Work task:
Could you write out, exactly, every line from the top of the data through the line holding "Elegant 100% cotton"? Omit the pictures.

Dataset items

_ _ _ _ _ _ _

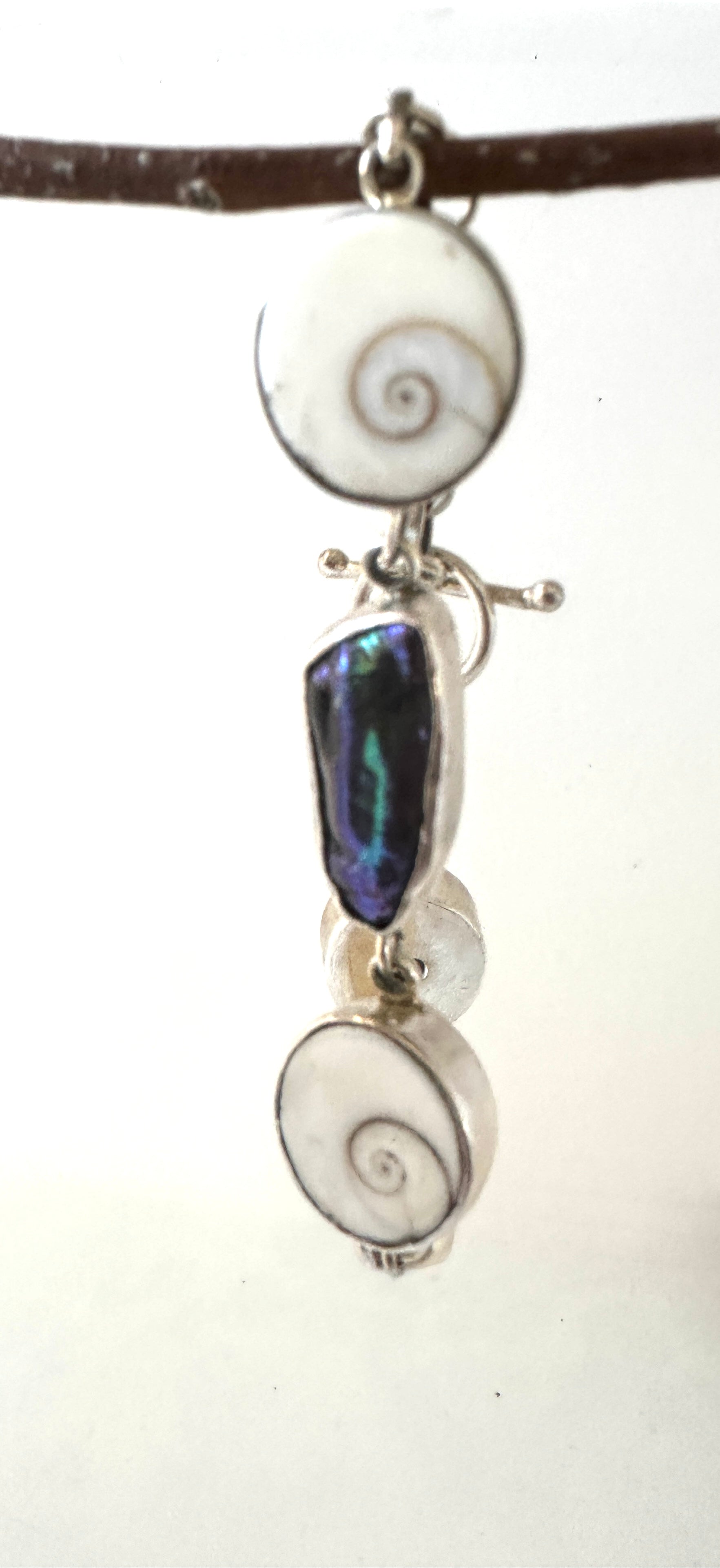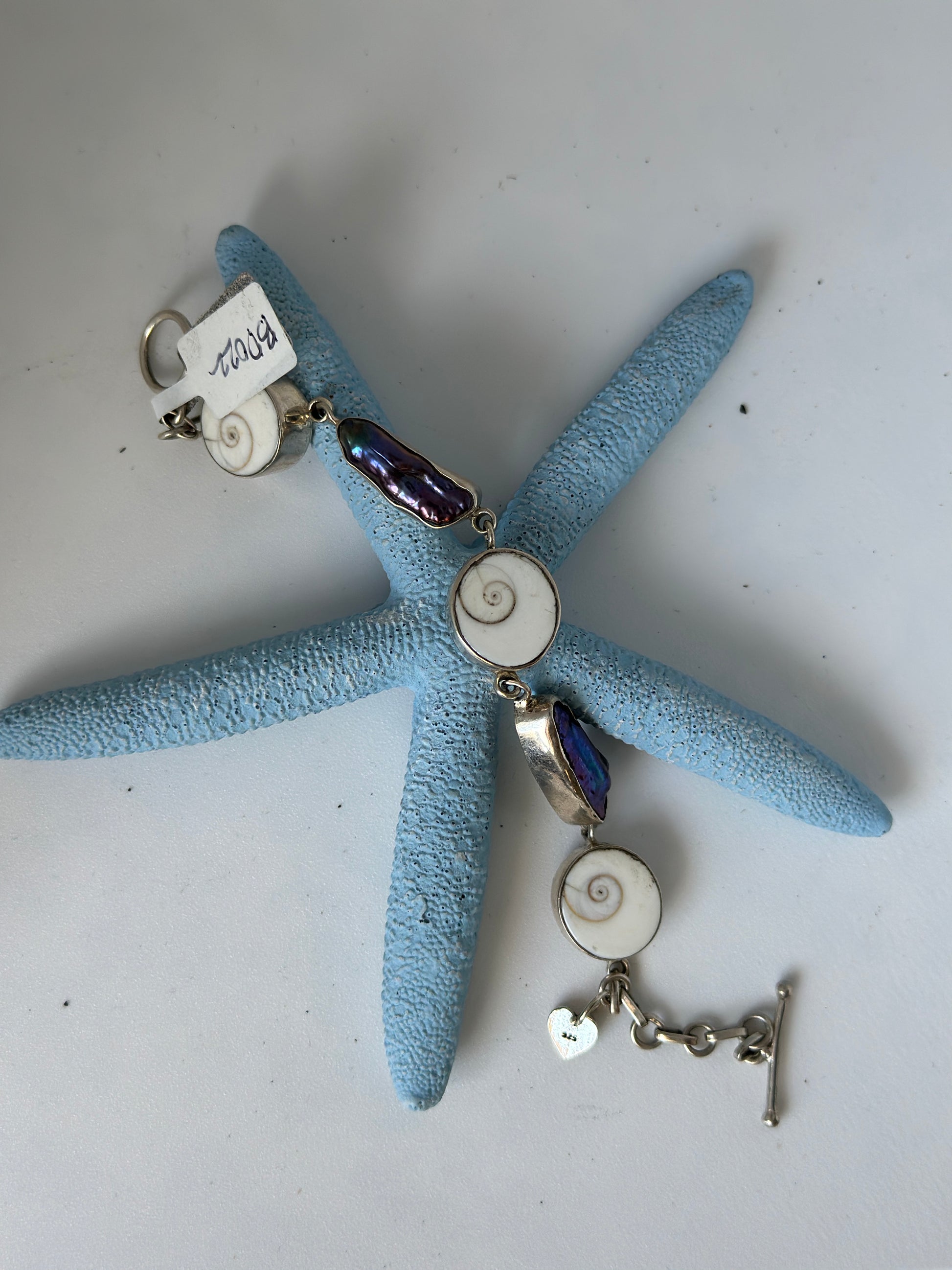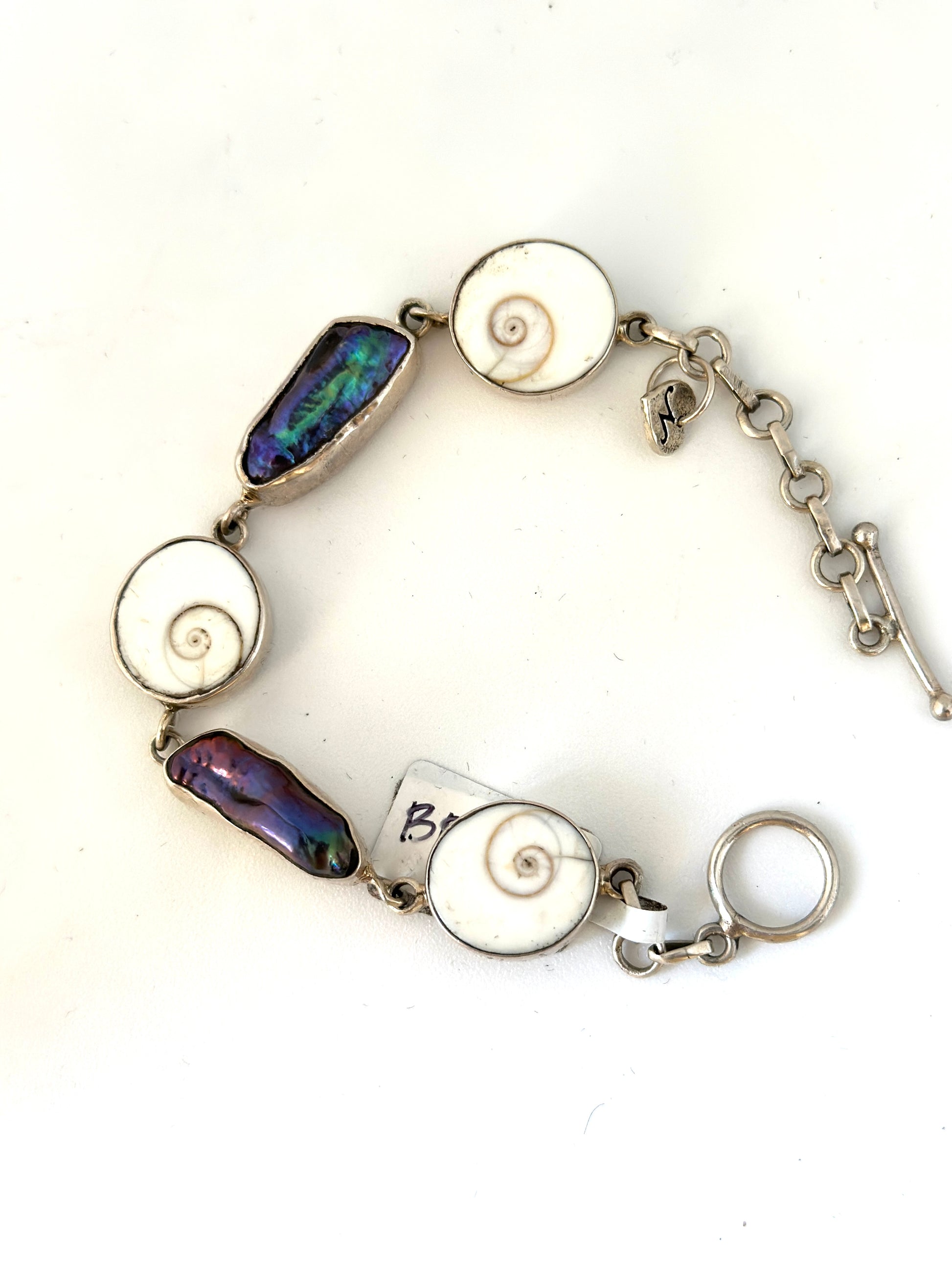 This stunning bracelet features Shiva eye and peacock Biwa Pearls, both carefully handcrafted with 925 sterling silver. The combination of these exquisite materials creates a unique and elegant piece of jewelry, perfect for any occasion. Adorn your wrist with this beautiful bracelet and add a touch of sophistication to your style.
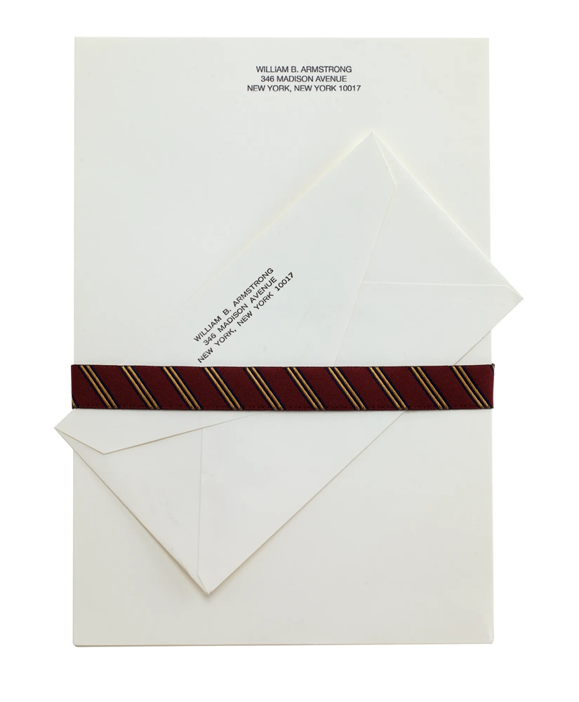 Elegant 100% cotton ivory stationery with the Brooks Brothers watermark. Genuine letterpress printing of your three-line name and address on the letter sheet and envelope. Executive sheets. 7 ¼" x 10½". Made in the USA. Please allow 2-3 weeks for delivery. Personalization is done in charcoal grey ink for a vintage look.
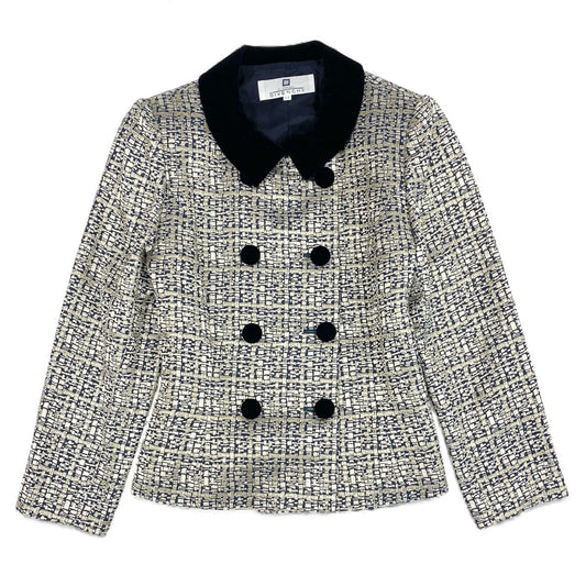35L19 Vintage HERMES エルメス 海と騎兵隊 テーラードジャケット シルクジャケット 総柄 42 アイボリー系 シルク レディース 女性用 フランス製u02t
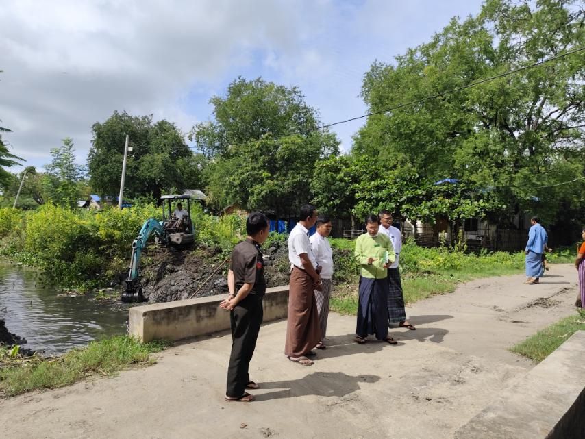 ထိုသို့ကွင်းဆင်းကြည့်ရှုစစ်ဆေးရာတွင် အမှတ် (၇) ရပ်ကွက်ရှိ မြိုရေဆိုးထုတ်မြောင်းအား မြိုနယ်စည်ပင်သာယာရေးအဖွဲမှ အင်ဂျင်နီယာ ဦးဇော်မျိုးသက်၏ ကြီးကြပ်မှုနှင့်အတူ ဝန်ထမ်းများက စက်ယန္တရားဖြင့် မိုးရာသီကာလရေမြောင်းများ ပိတ်ဆိုမှုမရှိစေရေးနှင့် ရေစီးရေလာကောင်းမွန်စေရေးအတွက် ဆည်ယူရှင်းလင်းဆောင်ရွက်နေမှုအခြေအနေများအား မြိုနယ်စီမံခန့်ခွဲရေးနှင့်အုပ်ချုပ်ရေးကော်မတီဥက္ကဋ္ဌ ဦးမျိုးသက်ကျော်နှင့်အဖွဲဝင်များ၊ ကြည့်ရှုစစ်ဆေး ဆောင်ရွက်ခဲ့ကြောင်း မြိုနယ်စီမံခန့်ခွဲရေးနှင့်အုပ်ချုပ်ရေးကော်မတီထံမှ သိရသည်။
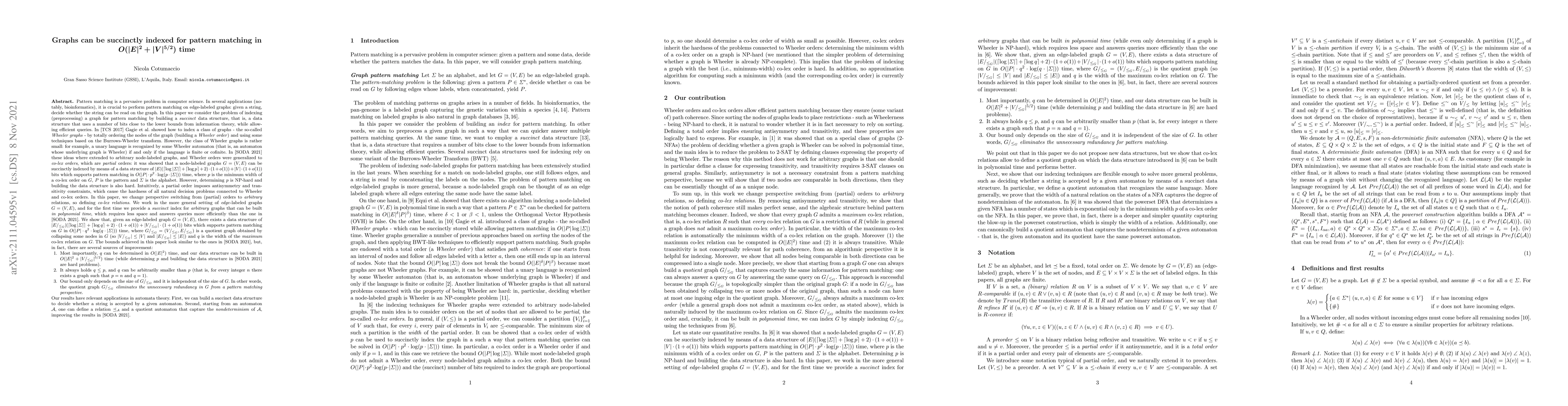 For the first time we provide a succinct pattern matching index for arbitrary graphs that can be built in polynomial time, which requires less space and answers queries more efficiently than the one in [SODA 2021]. We show that, given an edge-labeled graph $ G = (V, E) $, there exists a data structures of $|E /_{\le_G}|(\lceil \log|\Sigma|\rceil + \lceil\log q\rceil + 2)\cdot (1+o(1)) + |V /_{\le_G}|\cdot (1+o(1))$ bits which can be built in $ O(|E|^2 + |V /_{\le_G}|^{5 / 2}) $ time and supports pattern matching on $ G $ in $O(|P| \cdot q^2 \cdot \log(q\cdot |\Sigma|))$ time, where $ G /_{\le_G} = (V /_{\le_G}, E /_{\le_G}) $ is a quotient graph obtained by collapsing some nodes in $ G $ (so $ |V /_{\le_G}| \le |V| $ and $ |E /_{\le_G}| \le |E| $) and $ q $ is the width of the maximum co-lex relation on $ G $. Our results have relevant applications in automata theory. First, we can build a succinct data structure to decide whether a string is accepted by a given automaton. Second, starting from an automaton $ \mathcal{A} $, one can define a relation $ \preceq_\mathcal{A} $ and a quotient automaton that capture the nondeterminism of $ \mathcal{A} $, improving the results in [SODA 2021].

_ _ _ _ _ _ _

Answer:
 This stunning bracelet features Shiva eye and peacock Biwa Pearls, both carefully handcrafted with 925 sterling silver. The combination of these exquisite materials creates a unique and elegant piece of jewelry, perfect for any occasion. Adorn your wrist with this beautiful bracelet and add a touch of sophistication to your style.
 Elegant 100% cotton ivory stationery with the Brooks Brothers watermark. Genuine letterpress printing of your three-line name and address on the letter sheet and envelope. Executive sheets. 7 ¼" x 10½". Made in the USA. Please allow 2-3 weeks for delivery. Personalization is done in charcoal grey ink for a vintage look.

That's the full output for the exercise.